Jon Dearing, a consultant orthopaedic surgeon and regional surgical advisor for the RCSEd said: “A simple 30 minutes of physical activity per day in the lead up to surgery not only can significantly reduce avoidable complications and mortality, but in some instances can even improve the chances of ‘borderline’ or unsuitable surgical candidates.

“We’re not talking necessarily about donning Lycra and getting sweaty at a gym – just straightforward measures such as walking or cycling instead of driving, taking the stairs instead of the lift and parking further away from the shops. Simple steps like this can improve surgical outcomes, aid the recovery process and even enhance the patient’s own psychological well-being as they get better faster. Most waiting times for surgery are around 12 weeks – this is plenty of time to work on increasing the likelihood of a successful operation.”

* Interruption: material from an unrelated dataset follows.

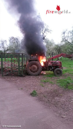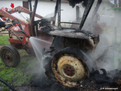 Beim Eintreffen der Feuerwehr am Brandherd stand ein Traktor bereits in Vollbrand. Glücklicherweise war der Traktor im Freien und nirgends eingestellt. Durch diesen Umstand war der Brand binnen kürzester Zeit unter Kontrolle und gelöscht.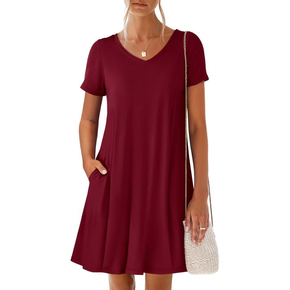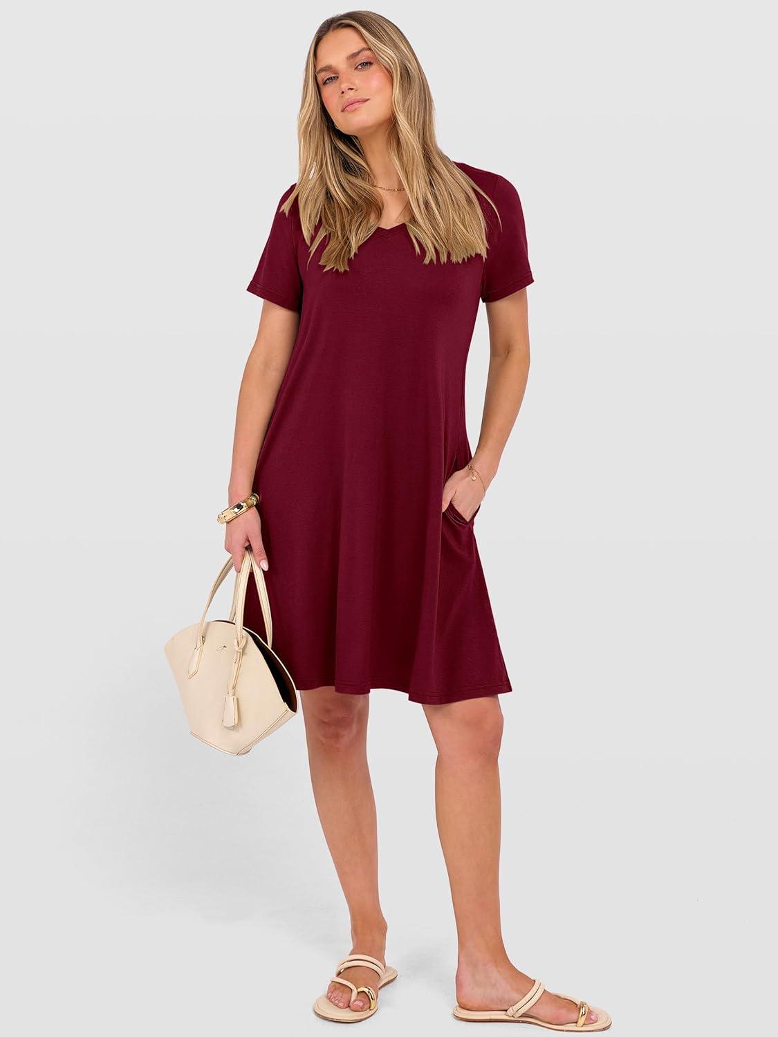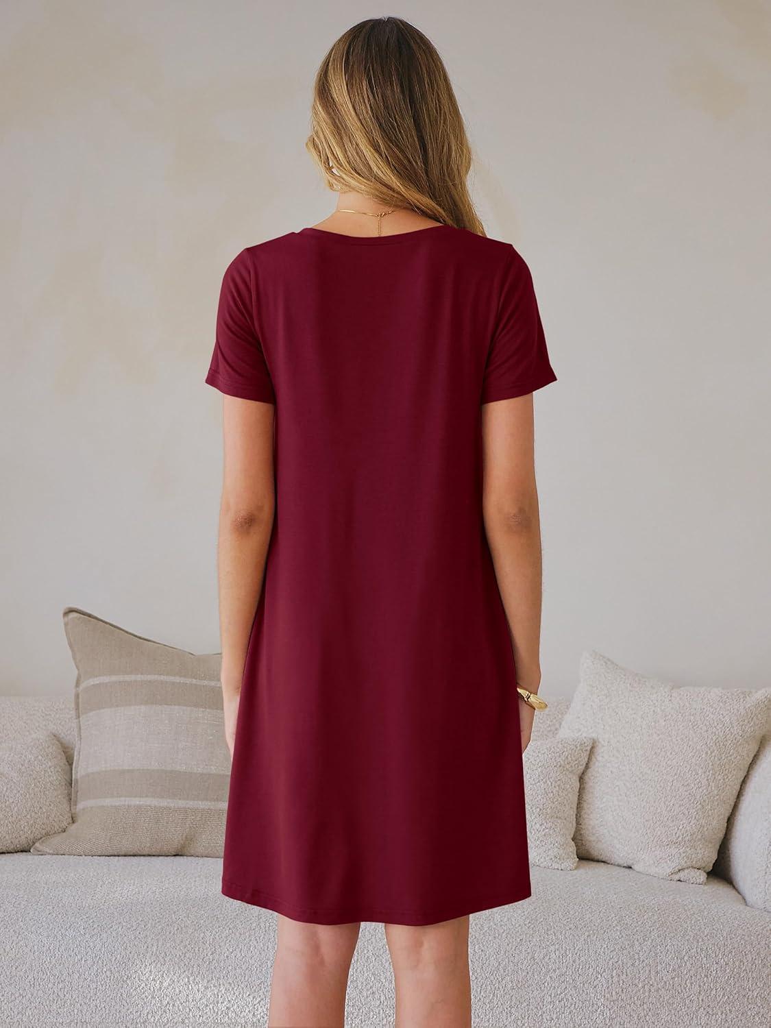 ANRABESS Women's Summer T Shirt Dress Casual V Neck Short Sleeve Floral Boho Flowy Mini Dresses 2026 Beach Vacation Clothes(Wine Red)

We previously reported how research conducted by an academic at the University of East Anglia (UEA) found that regular, daily exercise such as cycling and walking, along with giving up smoking – or not starting in the first place – are the most important steps people can take to improve their health.

While studies extolling the benefits of regular exercise are nothing new - this research, conducted by analysing the results of 40 separate studies conducted worldwide, does highlight is the range of conditions that an active lifestyle can help prevent.

Leslie Alford, a trained physiotherapist who lectures at UEA, identified 24 separate conditions, including dementia and cancer, that people could lessen the risk of contracting by undertaking regular exercise of as little as 30 minutes a day. He also says that it can also help the reduce the rate at which the body deteriorates with age.